Among the grounds for relief raised in his petition for state collateral review, Ivey *147 alleged (1) that Culler’s recently discovered withdrawal from representing Perkins reflected an actual conflict of interest that deprived Ivey of effective assistance of trial counsel, and (2) that Savitz deprived him of effective assistance of appellate counsel by failing to challenge Young’s inclusion on the jury and failing to challenge the admission of Neumon’s testimony from the Harrison trial on Confrontation Clause grounds.

After comparing the contents of Culler’s withdrawal letter with Culler and Early’s testimony, the state court found that the letter’s contents were factually inaccurate, that Culler “had no personal relationship with Officer Harrison,” and “no conflict of interest existed” in Culler’s representation of Ivey. (J.A. 482.) The state court also determined that Savitz had not been ineffective because the use of Neumon’s prior testimony from the Harrison trial did not violate the Confrontation Clause. Finally, the court ruled that Ivey did not prove that Savitz had been ineffective for failing to challenge Young’s inclusion on the jury because Savitz had raised that challenge on appeal. Accordingly, the state court denied Ivey’s petition for post-conviction collateral relief.

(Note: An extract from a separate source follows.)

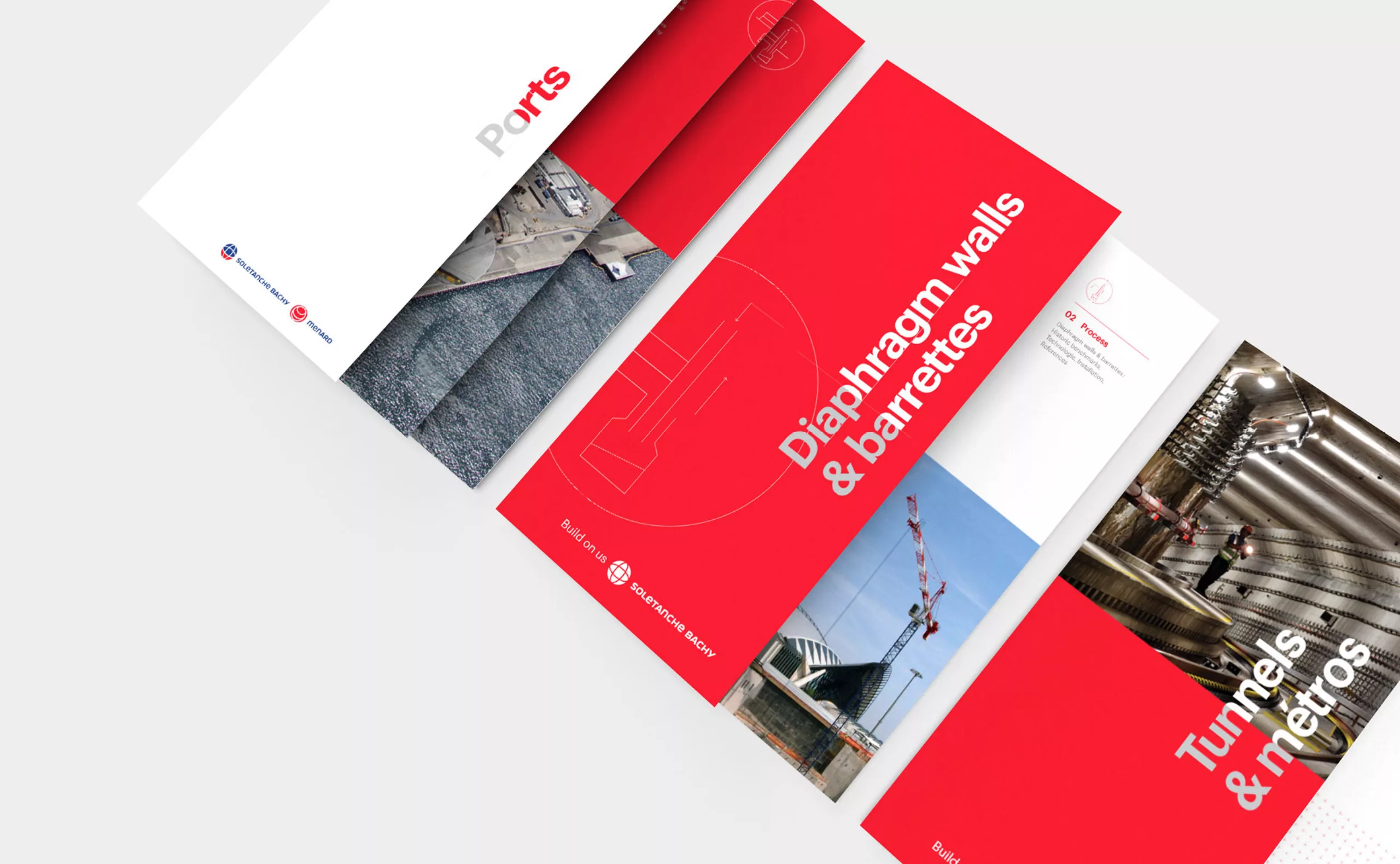 IndustriesGraphéine a accompagné Soletanche Bachy, une entreprise de construction spécialisée dans les métiers du sol, dans le refonte de sa charte graphique afin de créer de la cohérence sur l’ensemble de leurs supports de communication.

In a federal habeas petition in the district court, Ivey renewed his claims that Culler had an actual conflict of interest that deprived Ivey of effective assistance of counsel at trial and that Savitz’s failure to challenge Neumon’s testimony on Confrontation Clause grounds deprived him of effective assistance of counsel on appeal. Ivey also challenged on the merits the trial court’s inclusion of Young on the jury. The district court denied Ivey’s petition.